I’ve noticed over the years that for people who want to kick start their training routine, the first thing they think of is running (not many people run to the gym to try out a new kettlebell workout).
Running is not only safe but it’s also one of the most popular forms of physical activity.
On the other hand.
- Kettlebell swings are one of those exercises that when you do them incorrectly, can get you in trouble.
- It is not a user-friendly move, especially if you’re getting started.
However, when it is done right, it is a highly effective training method.
- The kettlebell workout has been proven to be multifunctional. This means if you are good at kettlebell swings, you will get good at everything else.

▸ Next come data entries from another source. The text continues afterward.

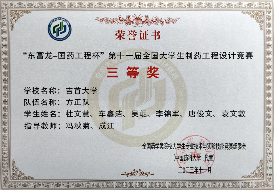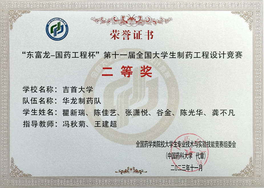 本网讯(冯秋菊)11月24日-26日,由全国药学类院校老员工专业技术与实验技能竞赛组委会主办,东富龙科技集团股份有限公司与中国医药集团联合工程有限公司协办,广东工业大学承办的“东富龙-国药工程杯”第十一届全国老员工制药工程设计竞赛初赛落下帷幕,公司选送的“华龙制药队”荣获二等奖(员工团队:瞿新瑞、陈佳艺、张潇悦、谷金、陈光华、龚不凡;指导老师:冯秋菊、王建超)、“方正队”荣获三等奖(员工团队:杜文慧、车鑫洁、吴崛、李锦军、唐俊文、袁文敦;指导老师:冯秋菊、成江)。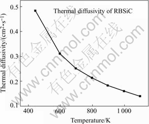 The thermal diffusivity results are shown in Fig.5. It can be seen that the thermal diffusivity decreases as the temperature increases from 444 K to 1 096 K. This means the increase of temperature leads to weaken the ability of diffusivity of heat inside material.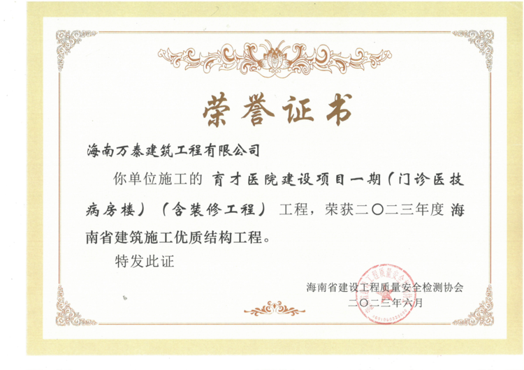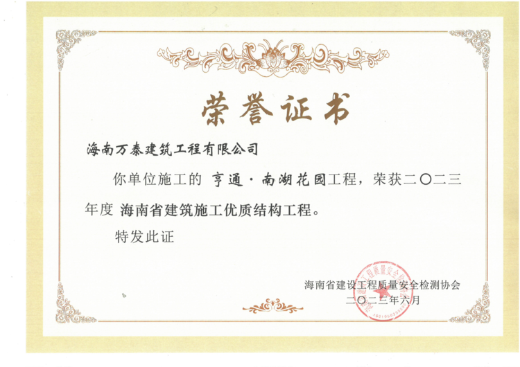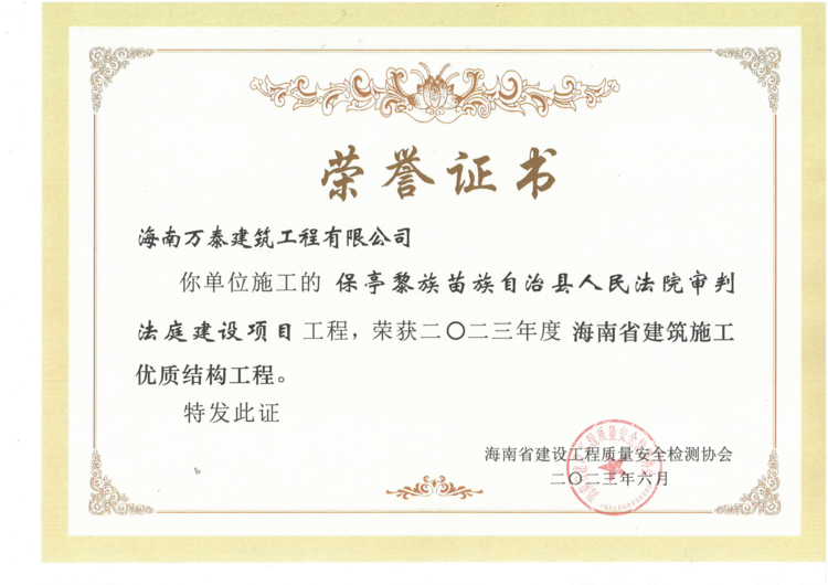 近日,由公司承建的育才医院建设项目一期、保亭黎族苗族自治县人民法院审判法庭建设项目、亨通·南湖花园分别通过了海南省建设工程质量安全检测协会的评审,被评为“2023年度海南省建筑施工优质结构工程”。该奖项代表着全省建筑工程结构施工质量的领先水平,是精品工程的重要标志。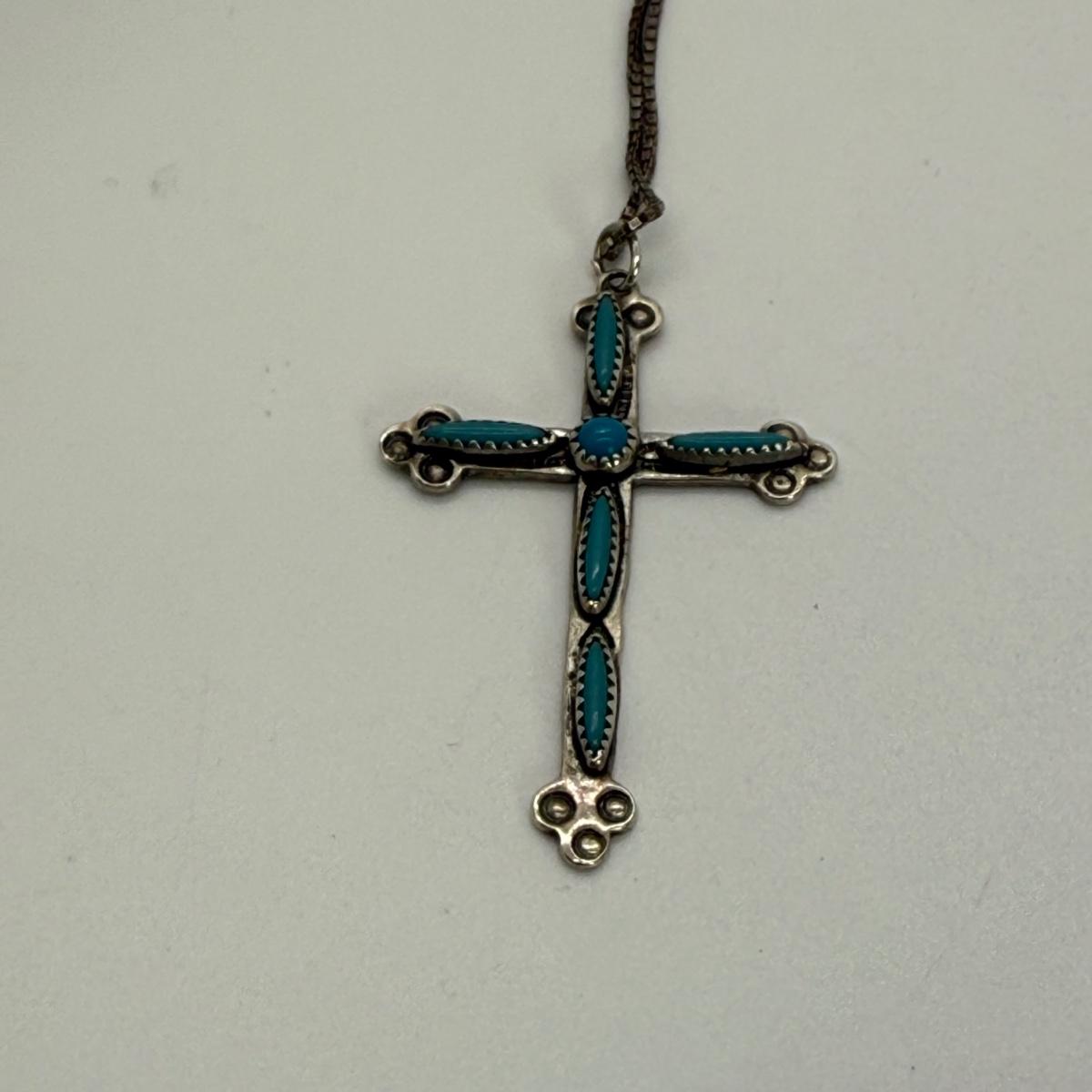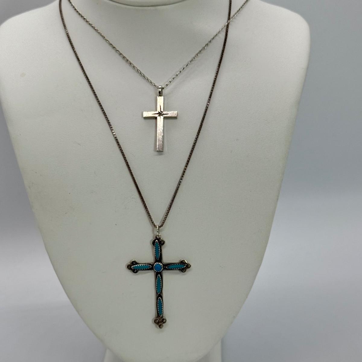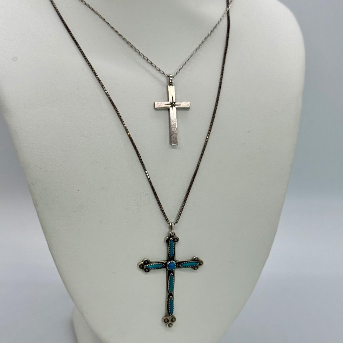 LOT 117: 925 Fine 20” Chain with Cross Pendant 2.4g and 925 Fine Box 24” Chain with Turquoise Cross 4.3 gtw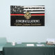 Este diseño cuenta con una bandera de bomberos con rayas blancas y negras y una delgada franja roja. "Felicitaciones" y la insignia de un bombero se sienta por encima del nombre del bombero, teniente o jefe que se gradúa o se retira. ¡Celebren con estilo!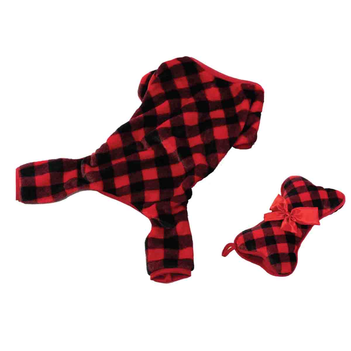 The Dog Pajama & Stocking Set is a cozy and festive gift bundle for your dog, featuring a warm pajama for chilly nights. Perfect for adding a touch of holiday cheer to your pet's wardrobe and celebrations.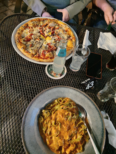 Nun zum Essen: Ich hatte die Pizza Diavolo bestellt (in 3 Größen erhältlich) . Diese hatte einen super Teig und war großzügig belegt. Als Nachtisch ein hausgemachtes Tiramisu - zum dahinschmelzen 😍 ... Das Hacker Pschorr Hell aus dem Fass und in Tonkrug serviert hat meinen Abend absolut abgerundet 🍺 ...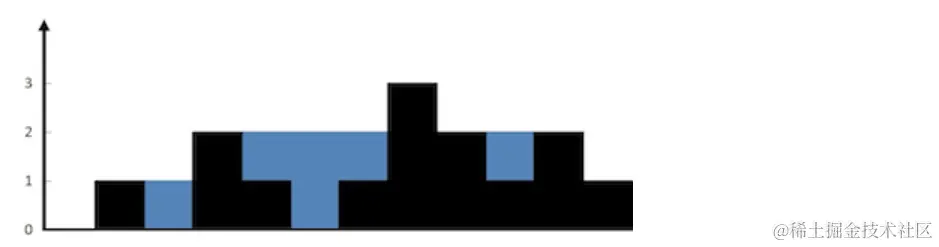 解释:上面是由数组 [0,1,0,2,1,0,1,3,2,1,2,1] 表示的高度图,在这种情况下,可以接 6 个单位的雨水(蓝色部分表示雨水)。

- A great example comes from Roger McCarthy, who completed a 3000m unsupported row across the Atlantic ocean.
Mr. McCarthy said that his secret weapon was a kettlebell swings training.
- Rowing is a hip hinge movement, as well as the kettlebell swing.
- So it makes a lot of sense that if you get stronger as swings, immediately this will improve your strength across all hip extension movements (squat, deadlift, lunge, spring).
So if there is gonna be just one thing for you to take away from this article – the form is everything.
I’ve learned that hard way.
- I got a whole piece about kettlebell swings and back pain, and how to perform them correctly (I explain the good and the bad).
- In case you’re wondering how often you could do kettlebell swings, here in this article “50 kettlebell swings a day workout” I wrote a separate piece where I explain exactly how to include swings in the everyday routine. Feel free to check it out.
- Before you start any physical activity, always take into consideration what is your main goal.
- Before you start any physical activity always consult with your doctor first.
I won’t be persuading you to do one or another. I don’t wanna be that guy (full transparency).
I used to love running and how I felt after. But now I mainly do swings, and if done at a good intensity I can easily get out of breath as well.